Histoire d’un merle blanc

2000 - création à paris

Avec Stéphanie Tesson.
Toujours en tournée depuis sa création.

NOTE D’INTENTION DE MISE EN SCèNE « HISTOIRE D’UN MERLE BLANC »

Auteur : Alfred De Musset
Mise en Scène : Anne Bourgeois
Interprétation : Stéphanie Tesson
Lumière : Philippe Mathieu

Enfant ou oisillon, homme-pigeon ou clochard volant, le merle blanc est le symbole de la différence qui s’exile.
Une longue errance (toute une vie) passée sur les chemins à chercher en vain quelqu’un qui vous ressemble, parce qu’on ne peut jouir d’être unique et rare dans un monde où même les volatiles se doivent d’appartenir à une race connue.

Pour la mise en scène de cette fable du romantique Alfred de Musset, j’ai voulu que la comédienne, la merveilleuse Stéphanie Tesson, rassemble et porte en elle seule les stigmates de la solitude. Le conte transformé en monologue est adapté pour que s’incarnent en direct les personnages que croise le merle blanc tout au long de son périple.
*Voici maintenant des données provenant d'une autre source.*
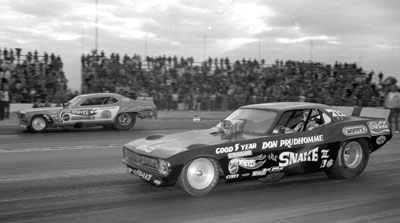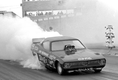 Don Thomas really dug the installment on the Snake III Cuda. “Here's the thing,” he testified. “I don't think ‘Snake’ or anyone else had any idea of the lasting impression and impact this unfinished race car would have on the very history of drag racing. It was merely to most if not all (at the time) just an incomplete, lethal throat ripper passing through on its way to the paint shop. Who knew?! Another characteristic that made this black, stealthy 'Cuda somewhat unique was its low-slung stance, which only enhanced that sinister black primer coat. Compared to other Funny Cars at the time, the attitude and profile of this piece was noticeably different. In its short stint in that form, it IS, and will forever remain, one of the iconic race terrors in drag racing history.”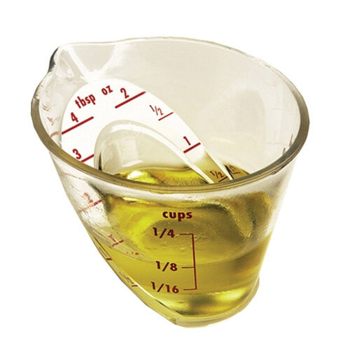 1/4 cup/60 ml. Patented angled surface lets you read measurements from above. Measures small amounts of liquids without spilling. Cup, tablespoon, ounce and milliliter measurement markings. BPA free. Dishwasher safe.
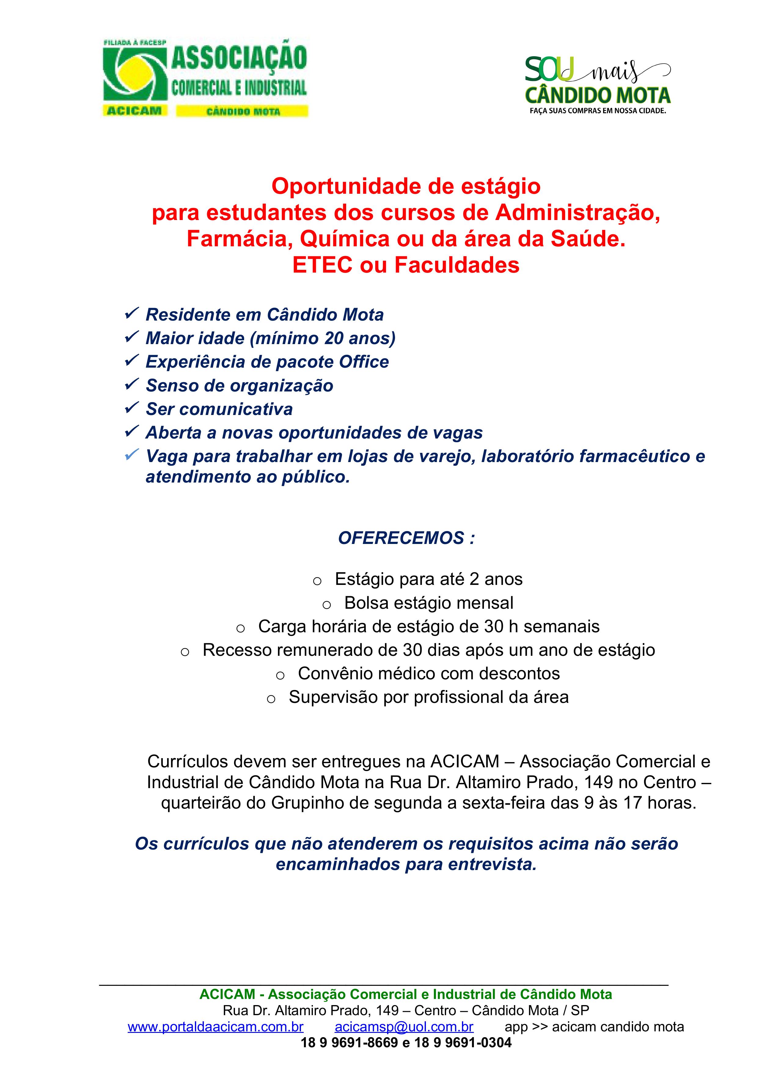 Currículos devem ser entregues na ACICAM – Associação Comercial e Industrial de Cândido Mota na Rua Dr. Altamiro Prado, 149 no Centro – quarteirão do Grupinho de segunda a sexta-feira das 9 às 17 horas ou cadastre-se pelo site.

Comme hanté par leur présence, l’oiseau héroïque leur prête sa voix et son corps tandis qu’il se remémore ses rencontres.
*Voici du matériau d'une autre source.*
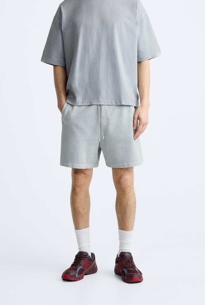 Zara Soluk Efektli Fit Bermuda -ürün sıfır etiketli duruyor.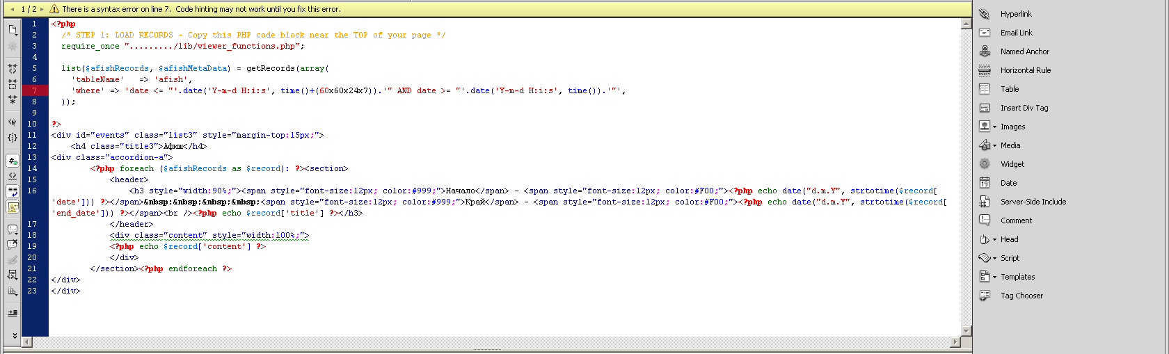 list($afishRecords, $afishMetaData) = getRecords(array(

Pas de partenaire donc, pas de décor ni d’accessoires, puisque les souvenirs du merle jaillissent seulement de sa blessure pour le plonger dans la sensation toujours brûlante d’un passé revécu.
L’isolement de la comédienne favorise l’écoute du texte et concentre les regards du spectateur autant qu’il les perd : il n’y a que le merle à regarder et les désillusions qui pleuvent sur son corps en marche, imprimant à l’image un caractère absurde et dérisoire.

J’ai demandé à l’actrice une déambulation géographique adaptée au lieu qui accueille le spectacle : chaque mur est un espace pour mieux se cogner, chaque hauteur est un promontoire, arbre inaccessible prometteur du bonheur à atteindre, chaque mètre carré de sol devient son besogneux chemin de pèlerinage contre lequel il fait bon parfois, tout simplement s’étendre, pour mieux jouir des visiteurs.

L’humour du texte de Musset et le cocasse des situations sont accentués par un jeu organique et démesuré que l’actrice utilise pour incarner pigeon, pie, cacatoès et autres oiseaux de passage, heureux, vivants et en mouvement.
Par contraste, l’émotion candide du merle blanc résulte d’un jeu plus intérieur et plus immobile, assorti de furieuses courses dans le vide.

Quasi nudité du plateau, lumière compacte et dense favorisant la plongée dans le souvenir, costume blanc donnant de l’Homme à l’Oiseau et inversement, tout est construit dans l’idée de transformer la narration en dialogue, le souvenir en sensation vécue, la parabole en témoignage.